Why Tracking Cost Per Lead Never Works Out the Way You Planned

Originally published November 25th, 2015

Big or small, companies everywhere are implementing sales development teams. The gritty, hardened Sales Development Reps (SDRs) that pass along leads to your executive sales team tend to do the heavy lifting of outbound prospecting, and honestly, it can be pretty costly. Because of that, a lot of companies choose to outsource this function. Getting a healthier funnel for your sales team to work with is the overall goal — to more effectively qualify the top part of the funnel so your executive sales team can focus on the bottom part, closing leads. You’re relying on that outsourced team to increase your MQL’s, ISQL’s and SAL’s — both in quantity and quality. So why would you track that team on a cost per lead basis?

Cost Per Lead: Defined

Measuring on a cost per lead basis boils down to putting a price on every activity your sales development team makes.
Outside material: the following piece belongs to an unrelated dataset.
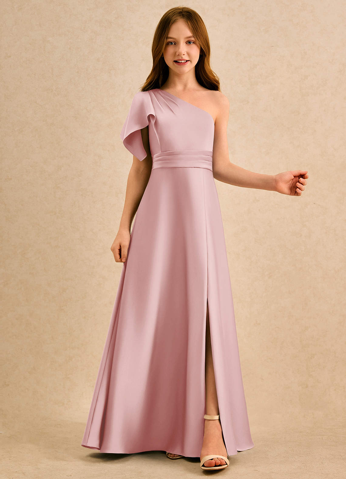 Abito A-Line in Raso Elasticizzato Monospalla Rosa Cipria
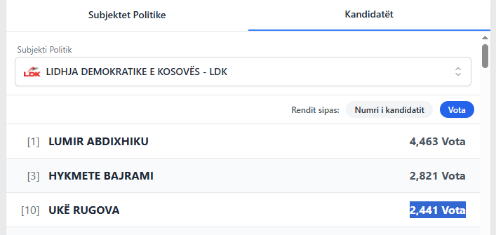 Ukë Rugova, djali i presidentit historik të Kosovës, Ibrahim Rugovës, është ndër kandidatët më të votuar të Lidhjes Demokratike të Kosovës për deputetë, kur janë numëruar 6,02% e votave.

Ideally, you want that cost to be as low as possible — meaning that your reps are producing the high number of leads (SAL’s) you want without draining additional resources. The formula reads as total spend on SDR’s over total leads passed, giving you the price you “pay” per SAL passed to your sales team.

While using the cost per lead metric might be the simplest and most popular way to measure your SDRs, it’s not applicable in all situations. For a team that’s hired to improve your funnel health, you need to come up with other metrics to track them more accurately — specifically ones that highlight the quality of the opportunities that get passed along to your sales team. With the cost per lead analysis, you miss out on tracking the value of your pipeline, thus foregoing any kind of funnel projection metrics.

Pitfalls and Solutions

When you take a look at your team and decide to measure them on a cost per lead basis, more often than not they respond with a spike in passed leads. After all, the more leads that get passed the lower the cost becomes. Problem solved? Not quite. What ends up happening is the higher volume of leads tend to dip in quality, and with that dip in quality comes a lower conversion rate. That is the key to measuring your sales development team’s success — if the opportunities aren’t converting at a high enough percentage then the executive sales team is wasting their time with discovery calls and demonstrations. It’s great to get a high volume of leads for a reasonable cost — and in specific situations it’s the right move — but if they don’t convert you’re wasting time. Opportunities that never come to fruition don’t help out anyone but your bottom line, and suddenly that cost per lead analysis doesn’t paint the whole picture.

The metric you should be tracking is Cost per Opportunity. When your sales team is receiving leads (SAL’s) from the SDR’s it’s still up to you to track them, but not on a cost per basis. Save that metric for SQL’s — qualified opportunities that have been accepted by your sales team and are currently in their pipeline. From there you can get a more accurate picture of not only the value your sales development team generates, but also of your true pipeline valuation (and not just the value of one team of SDR’s). Tracking opportunities help you get a more holistic picture of projected growth, while tracking your cost per lead will yield a murky projection for one specific marketing channel.

The demandDrive approach

By focusing on metrics other than cost per lead we’re able to better determine the value our SDR’s can deliver to our clients. Seeing how many of their leads convert into opportunities for the sales team paints a better picture of our work, and is tangibly more effective at determining value. Being able to weight pipeline valuation also directly ties our work with a monetary amount for the client, something we’ve found to be more beneficial than measuring how much each individual lead “costs”.